Some drips do seem unavoidable.

The valve is only left slightly open so I'm sure there is no added cooling. It does seem to work. The other solution is to leave it completely open with a bucket under it and empty the bucket as needed.


----------



## Bob45 (Jan 22, 2007)

We have a small oil filled radiator (Bambi I think) and place it between the seats at the front of the motorhome which is the coldest part as the large windscreen is not double glazed. It has a thermostat and we often leave on all night, even in summer if it is cold. If it is really cold we put the outside screens on. 
Snug as a bug in a rug!

Bob


----------



## Nauplia (Sep 30, 2007)

*Winter Camping*

In answer to your question, our m/h is not winterised. It's a Swift Sundance which is about as basic as you get! Both the fresh water and waste water are underslung. The fresh is insulated though.

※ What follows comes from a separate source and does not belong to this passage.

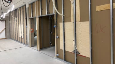 Kuvat: Väliseinätyöt käynnissä 1.krs A- ja B-lohkolla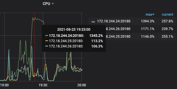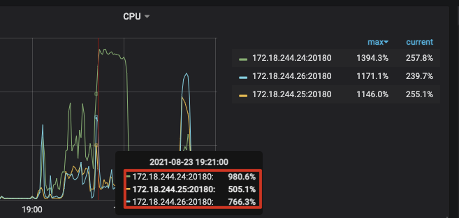 现象:在19:20更新资产时,三台TiKV负载都比较高(分别为5/7/9,虽然有些不均匀但还可以接受),但是批量更新JOB结束后,有一台TiKV节点负载开始飙升(16C64G机器,用了13C,剩下两个节点只用了1、2个核),期间落到该节点的查询都一直被卡死,没有响应。

We found that the fresh water tank did not freeze but the neck of the tank protrudes into an underseat locker where the pump is located. Also there is the water heater and the trunking for the blown air heating. I cut the trunking and added an air bleed section so that the locker was always warm. This is sold by Truma. I did the same for the underbed section.

The waste tank would have frozen but I left the valve wide open and put a bucket under to catch the waste. Amusingly, this froze but was easy to dump. After a week the van was surrounded by what looked like frozen sand castles. The weakness was the feed for the loo flush. This did freeze a couple of times and we had to use a jug of water from the tap. All in all we managed very well and were never cold.

As others have said the achilles heel is when your van is not being used. I drained the system but forgot to leave the taps open. I guess that leaving them closed caused a vacuum and the water trapped in the bathroom mixer froze and split the plastic body of the tap. An expensive lesson!

Hope this helps.


----------



## tramp (May 25, 2005)

hi kilkosy,
enjoying the van then? the "Dethleffs winter pack" is NOT available for retrofit only when stated as option as the van requires extensive fitting out at the factory to the tune of £1000 plus. Ours was done by the previous owner and is brill at -16.

but seriously you dont need it just comensence we run the heating like most on gas 24/7 when below freezing as this provides warm air to all PARTS of the van as designed to , so no condensation anywhere  .

when you use electric heaters etc you run a big riskof cracking the truma heater and getting a cold bed  pay your money and get refillable gas and use the van as intended as they are tested to -25 in scananavia so a Uk winter should be no problem :wink: 

If on mains hockup the battery is recharged automatically so no probs with the blown air , off the grid you`ll need at lest 220amp capacity for long stays or just run the van engine for a hour each day to keep battery topped up.

tramp


----------



## Rapide561 (Oct 1, 2005)

*Truma*

Hi

I run my heating overnight on the EHU 1800 watt setting in winter. Never had a problem and also have the added benefit of hot water in the morning when I wake up.

Equally, I slept with the heatong on overnight on Friday on gas as I was not on EHU.

Russell


----------



## 127493 (Aug 31, 2009)

*Truma heating*

I own a bessacarr e560 and always keep the heating on at the 800 watts setting and also have a 800 watts oil filled heater for the cab end as that is the coldest due to the windscreen, but with the insulated outside winscreen cover that helps and also doesnt let any condensation build up un the winscreen.


----------